### Data shown

= Beginning of Section =

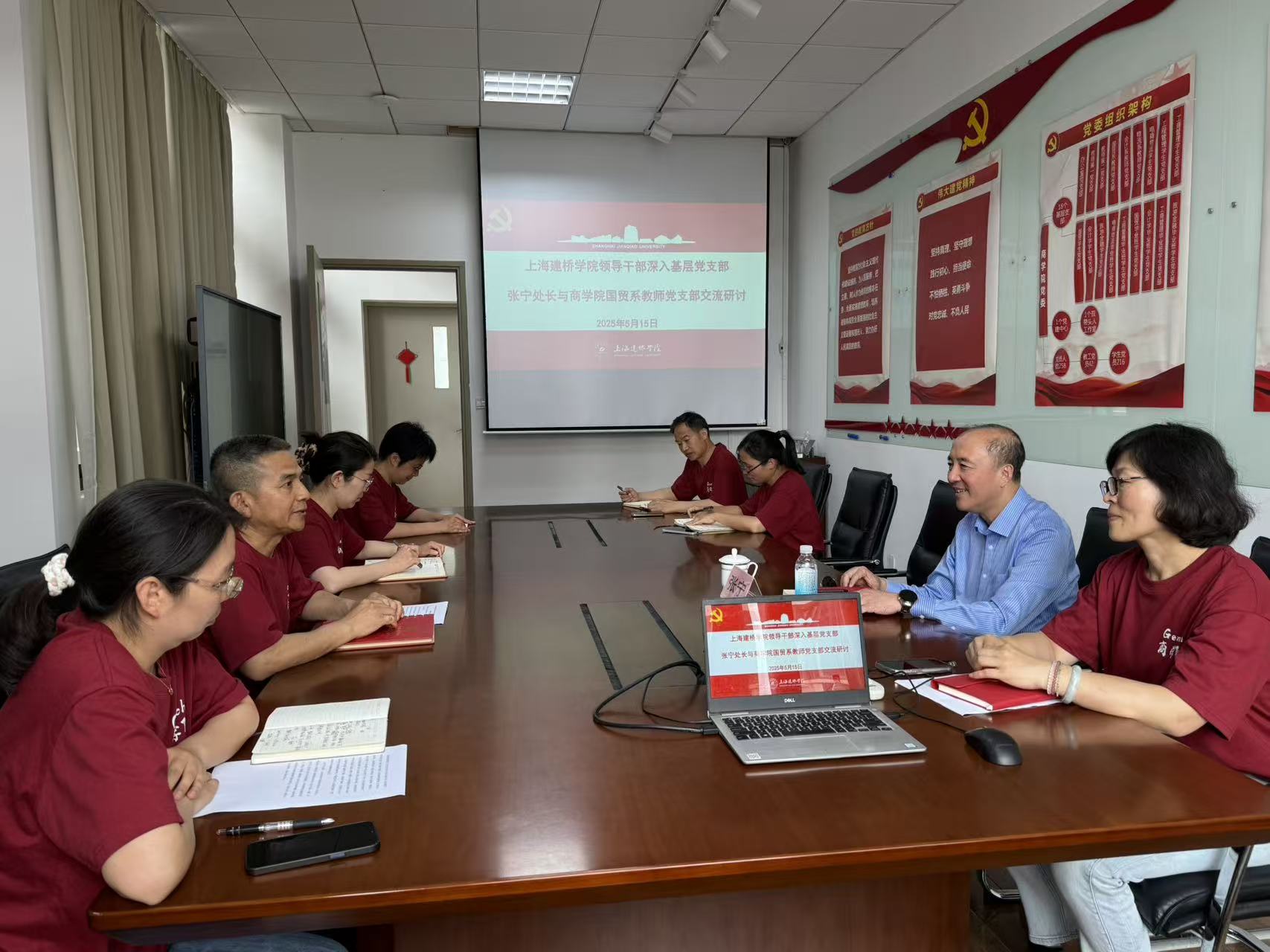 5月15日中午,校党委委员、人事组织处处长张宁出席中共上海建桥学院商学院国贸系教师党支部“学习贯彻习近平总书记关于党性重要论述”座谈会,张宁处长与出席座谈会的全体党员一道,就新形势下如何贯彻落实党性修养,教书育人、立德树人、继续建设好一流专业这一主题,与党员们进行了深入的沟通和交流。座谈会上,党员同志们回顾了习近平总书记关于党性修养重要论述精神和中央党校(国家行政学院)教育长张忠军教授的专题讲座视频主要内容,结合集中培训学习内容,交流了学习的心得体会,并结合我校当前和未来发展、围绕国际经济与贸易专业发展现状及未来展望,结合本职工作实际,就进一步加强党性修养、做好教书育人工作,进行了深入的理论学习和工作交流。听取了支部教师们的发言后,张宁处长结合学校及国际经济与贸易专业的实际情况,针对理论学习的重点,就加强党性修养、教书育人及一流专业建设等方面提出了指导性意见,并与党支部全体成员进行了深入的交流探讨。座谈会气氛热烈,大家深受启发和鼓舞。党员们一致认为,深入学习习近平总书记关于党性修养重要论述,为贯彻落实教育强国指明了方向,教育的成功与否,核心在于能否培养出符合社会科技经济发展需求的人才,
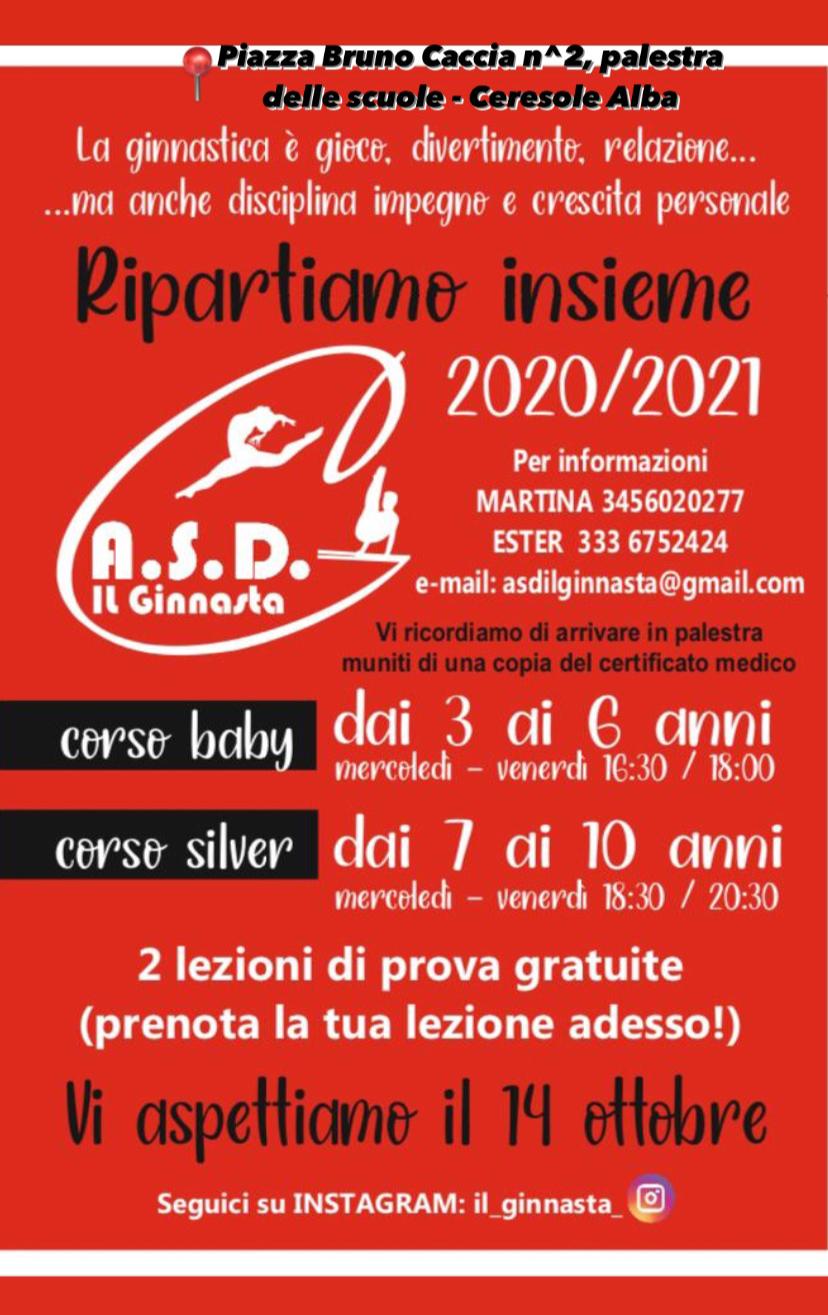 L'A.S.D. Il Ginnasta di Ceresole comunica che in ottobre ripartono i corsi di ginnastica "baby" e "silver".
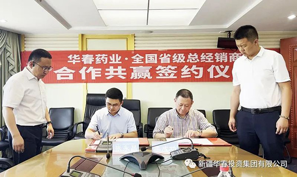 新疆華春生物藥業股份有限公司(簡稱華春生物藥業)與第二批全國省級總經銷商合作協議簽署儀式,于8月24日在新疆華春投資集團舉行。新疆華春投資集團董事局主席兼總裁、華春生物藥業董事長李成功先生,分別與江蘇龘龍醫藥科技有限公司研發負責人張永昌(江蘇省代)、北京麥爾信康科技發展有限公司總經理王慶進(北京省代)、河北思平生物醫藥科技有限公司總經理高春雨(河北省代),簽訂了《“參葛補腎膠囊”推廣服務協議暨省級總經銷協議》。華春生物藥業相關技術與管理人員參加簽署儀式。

= End of Section =

The whole of the data above needs retyping exactly, with pictures omitted.

### Written response
 5月15日中午,校党委委员、人事组织处处长张宁出席中共上海建桥学院商学院国贸系教师党支部“学习贯彻习近平总书记关于党性重要论述”座谈会,张宁处长与出席座谈会的全体党员一道,就新形势下如何贯彻落实党性修养,教书育人、立德树人、继续建设好一流专业这一主题,与党员们进行了深入的沟通和交流。座谈会上,党员同志们回顾了习近平总书记关于党性修养重要论述精神和中央党校(国家行政学院)教育长张忠军教授的专题讲座视频主要内容,结合集中培训学习内容,交流了学习的心得体会,并结合我校当前和未来发展、围绕国际经济与贸易专业发展现状及未来展望,结合本职工作实际,就进一步加强党性修养、做好教书育人工作,进行了深入的理论学习和工作交流。听取了支部教师们的发言后,张宁处长结合学校及国际经济与贸易专业的实际情况,针对理论学习的重点,就加强党性修养、教书育人及一流专业建设等方面提出了指导性意见,并与党支部全体成员进行了深入的交流探讨。座谈会气氛热烈,大家深受启发和鼓舞。党员们一致认为,深入学习习近平总书记关于党性修养重要论述,为贯彻落实教育强国指明了方向,教育的成功与否,核心在于能否培养出符合社会科技经济发展需求的人才,
 L'A.S.D. Il Ginnasta di Ceresole comunica che in ottobre ripartono i corsi di ginnastica "baby" e "silver".
 新疆華春生物藥業股份有限公司(簡稱華春生物藥業)與第二批全國省級總經銷商合作協議簽署儀式,于8月24日在新疆華春投資集團舉行。新疆華春投資集團董事局主席兼總裁、華春生物藥業董事長李成功先生,分別與江蘇龘龍醫藥科技有限公司研發負責人張永昌(江蘇省代)、北京麥爾信康科技發展有限公司總經理王慶進(北京省代)、河北思平生物醫藥科技有限公司總經理高春雨(河北省代),簽訂了《“參葛補腎膠囊”推廣服務協議暨省級總經銷協議》。華春生物藥業相關技術與管理人員參加簽署儀式。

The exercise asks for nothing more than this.